EXERCISE GOAL. Transcribe every line from the one containing "This dart board" through the end of the records below, exactly, but not the pictures.

Records from a dataset:
Segment Open

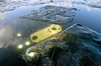 Fahrt unter der Eisdecke: AUV Dagon bei einer Testfahrt im zugefrorenen Bremer Uni-See. Sein Nachfolger soll zeigen, dass es möglich ist, den Eismond „Europa“ zu erkunden. Quelle: Foto: DFKI GmbH (idw)
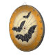 This dart board has a dark orange background with the moon in the centre and three bats flying in front of the moon.
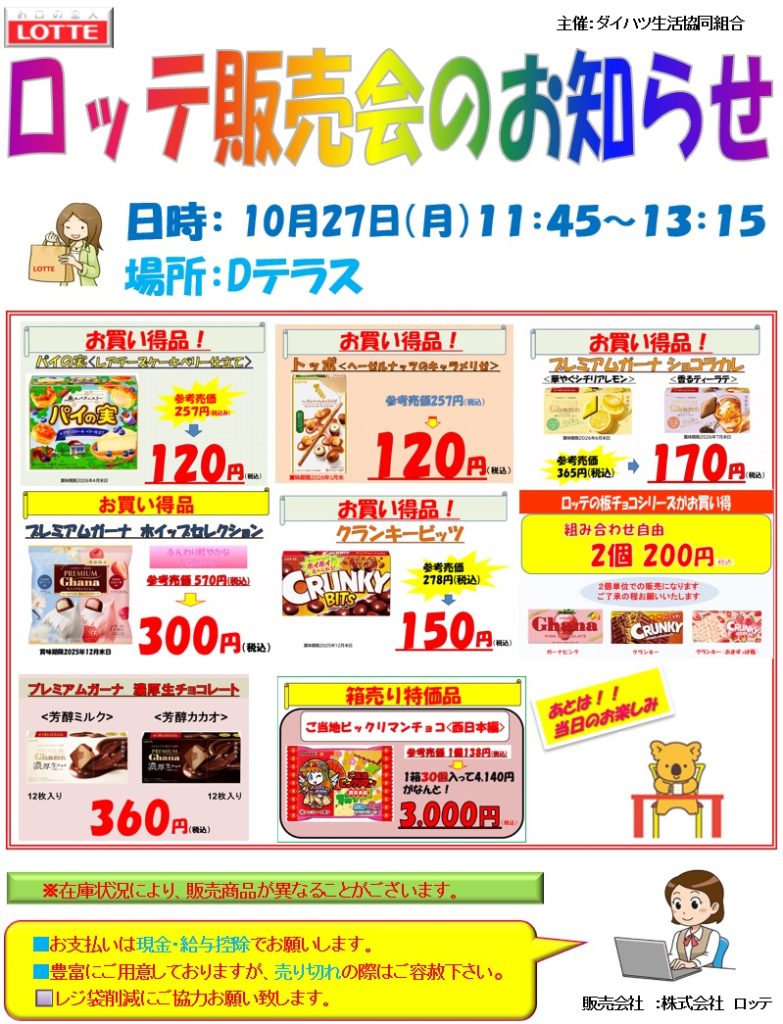 来週10月27日(月)はロッテお菓子の即売会をDテラス売店前にて実施いたします。
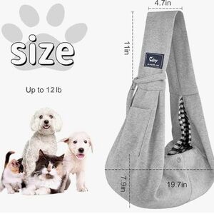 Comfortable gray pet sling carrier with adjustable strap. Ideal for small pets. For small dogs up to 12 lbs.
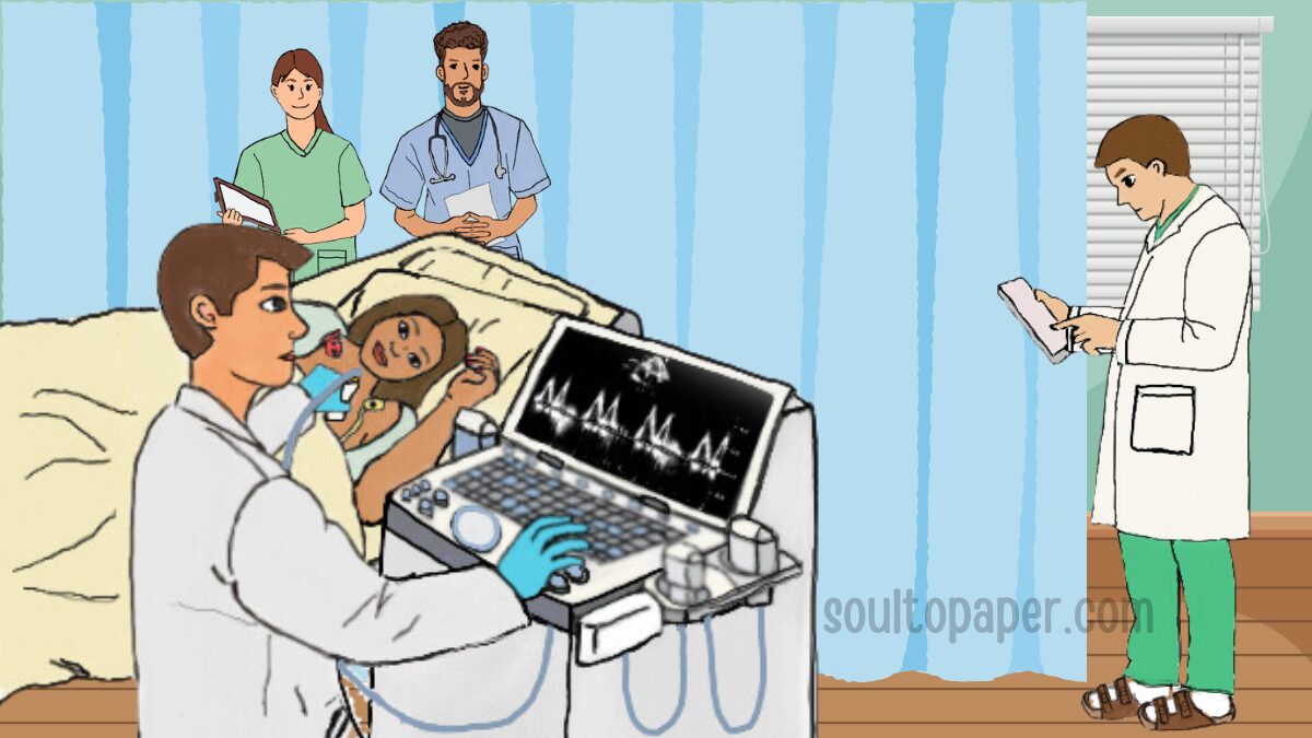 最初は通常の状態で、技術者がトランスデューサを配置して心臓の画像を取得していきます。
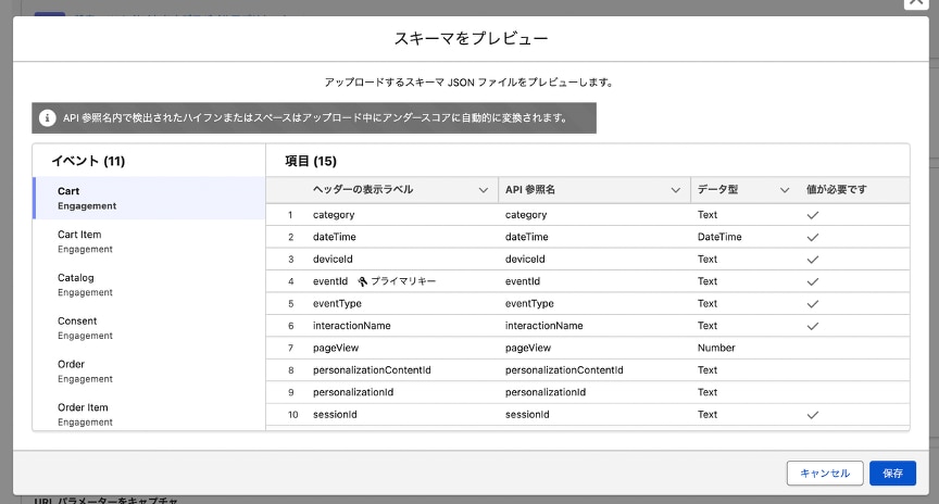 本ブログでは、説明のためSalesforceの推奨スキーマに、以下のスキーマを追加します。(User Engagementというスキーマ)
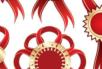 Completa colección de sellos, cintas y moños en vectores gratis con una perfecta combinación de colores rojo y dorado. Disponible en formato vectorial EPS.
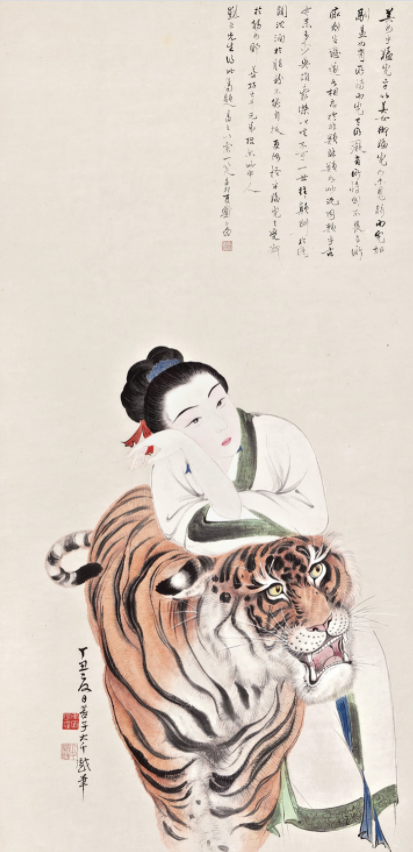 张善子;张大千 span style='color: rgb(136, 136, 136);font-family: -apple-system, "system-ui", "Helvetica Neue", "PingFang SC", "Hiragino Sans GB", "Microsoft YaHei UI", "Microsoft YaHei", Arial, sans-serif;font-size: 14px;letter-spacing: 0.544px;'>〈伏虎仕女〉
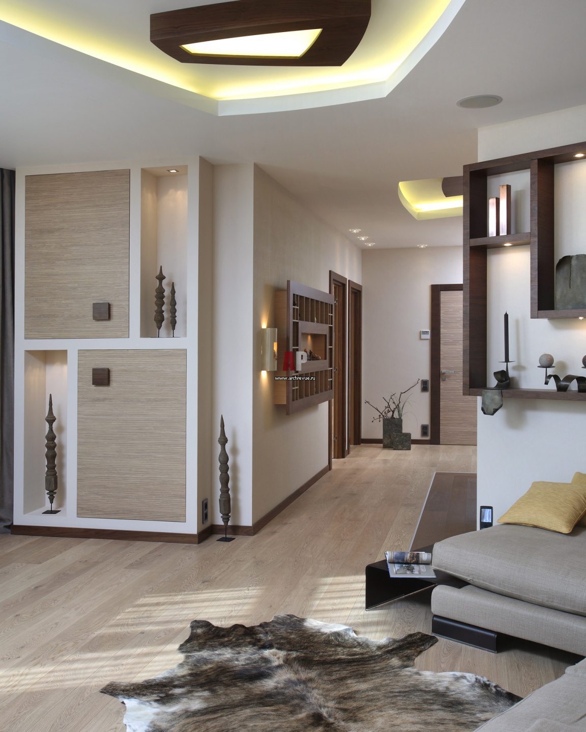 Фото интерьера гостиной с отделкой деревом двух пород: американским орехом (плинтусы, фурнитура) и выбеленного фрезерованного ясеня (фасады авторской мебели, все двери в квартире). На полу – доска из ясеня под лаком, поставщик «Мир Паркета». На стенах – виниловые обои под покраску.

Segment Closed

SOLUTION TO THE PROBLEM.
 This dart board has a dark orange background with the moon in the centre and three bats flying in front of the moon.
 来週10月27日(月)はロッテお菓子の即売会をDテラス売店前にて実施いたします。
 Comfortable gray pet sling carrier with adjustable strap. Ideal for small pets. For small dogs up to 12 lbs.
 最初は通常の状態で、技術者がトランスデューサを配置して心臓の画像を取得していきます。
 本ブログでは、説明のためSalesforceの推奨スキーマに、以下のスキーマを追加します。(User Engagementというスキーマ)
 Completa colección de sellos, cintas y moños en vectores gratis con una perfecta combinación de colores rojo y dorado. Disponible en formato vectorial EPS.
 张善子;张大千 span style='color: rgb(136, 136, 136);font-family: -apple-system, "system-ui", "Helvetica Neue", "PingFang SC", "Hiragino Sans GB", "Microsoft YaHei UI", "Microsoft YaHei", Arial, sans-serif;font-size: 14px;letter-spacing: 0.544px;'>〈伏虎仕女〉
 Фото интерьера гостиной с отделкой деревом двух пород: американским орехом (плинтусы, фурнитура) и выбеленного фрезерованного ясеня (фасады авторской мебели, все двери в квартире). На полу – доска из ясеня под лаком, поставщик «Мир Паркета». На стенах – виниловые обои под покраску.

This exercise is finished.